The river is finally in a stable ish condition after the spring floods. The hybrids are starting to feed and holy smokes are they hitting a lure hard!!! Don't let the murky water scare you because these fish can absolutely find anything in the dirtiest of water!! 7-8 vis, higher than the normal water level, and the bite was in the evening. Enjoy the video and have a great weekend!!


----------



## Muddy (May 7, 2017)

Nice Wiper. How do they get into the Hocking? I assume that they come up from the Ohio River?


----------



## Bass Assasin Slaton (May 22, 2011)

Muddy said:


> Nice Wiper. How do they get into the Hocking? I assume that they come up from the Ohio River?


Yea they come up the river from Ohio..pretty far ways for a fish to swim..I believe it's around 35 plus river miles.


----------



## Saugeyefisher (Jul 19, 2010)

Bass Assasin Slaton said:


> Yea they come up the river from Ohio..pretty far ways for a fish to swim..I believe it's around 35 plus river miles.


That's pretty cool stuff! Before osheay and griggs where ever stocked with wipers you would see a couple pigs on a yearly basis get caught below green lawn. Some say from the Ohio river, I've heard others say from stocked ponds flooding. I can believe both.


----------



## Muddy (May 7, 2017)

I stock them in one of my ponds every year. They grow fast and fight hard. They cruise around in packs and wreak havoc.


----------



## Saugeyefisher (Jul 19, 2010)

Muddy said:


> I stock them in one of my ponds every year. They grow fast and fight hard. They cruise around in packs and wreak havoc.

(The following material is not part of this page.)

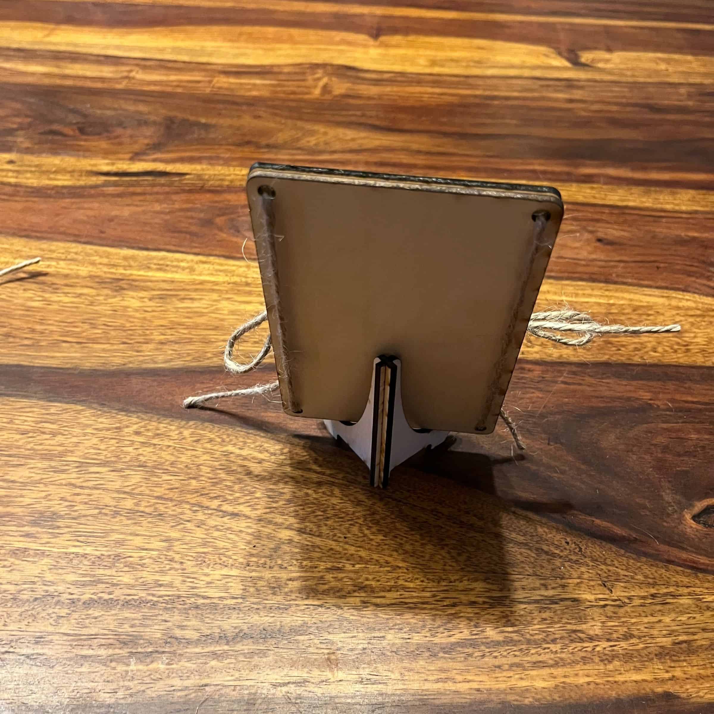 - Ausführung: zwei Holzplatten (Vorder- & Rückseite)

Yeah they are fun pond fish! And can be trained to eat literally ANYTHING. 
I have an account that used to stock them,I'd fish it on lunch occasionally. Guys would toss their leftovers in at the end of break. Like clockwork a few moments later they was busting the surface eating cheeze-its and french fries 🤣. I never did hook into one why bass fishing with plugs but caught plenty on fries I'd save from lunch.... 
They didn't seem to grow to fast in the pond and stunted out around 20-22" it seemed before they was all caught up or died off...


----------



## Saugeyefisher (Jul 19, 2010)

Muddy said:


> I stock them in one of my ponds every year. They grow fast and fight hard. They cruise around in packs and wreak havoc.

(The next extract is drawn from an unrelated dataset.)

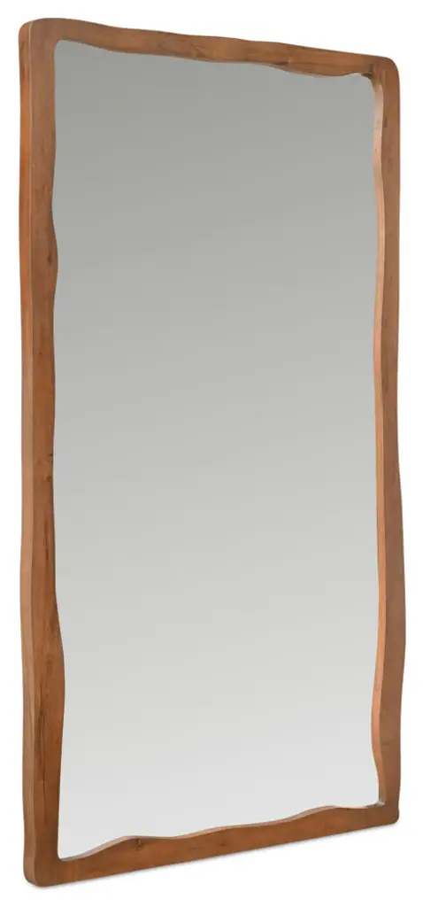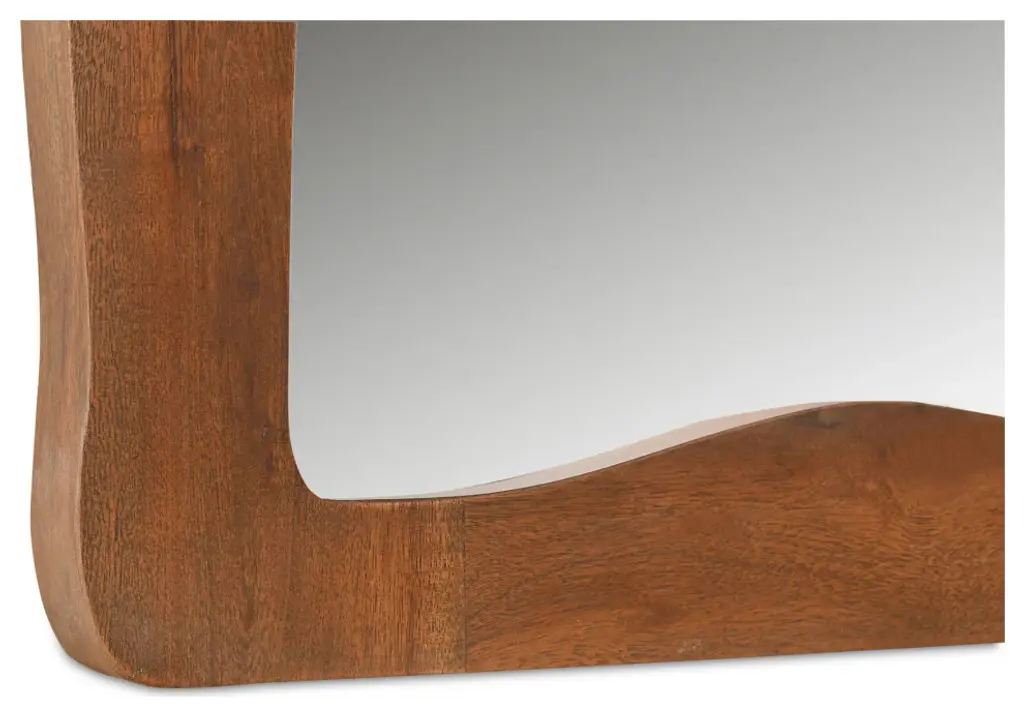 The Ellis mirror artfully fuses mid-century sensibility with contemporary flair. Encased by a robust solid Acacia wood frame, it features an alluring free-form wave design, finished in a mid-tone walnut brown that enriches its allure with a timeless warmth. Its unique shape allow for creative expression in any room it graces.

Yeah they are fun pond fish! And can be trained to eat literally ANYTHING. 
I have an account that used to stock them,I'd fish it on lunch occasionally. Guys would toss their leftovers in at the end of break. Like clockwork a few moments later they was busting the surface eating cheeze-its and french fries 🤣. I never did hook into one why bass fishing with plugs but caught plenty on fries I'd save from lunch.... 
They didn't seem to grow to fast in the pond and stunted out around 20-22" it seemed before they was all caught up or died off...


----------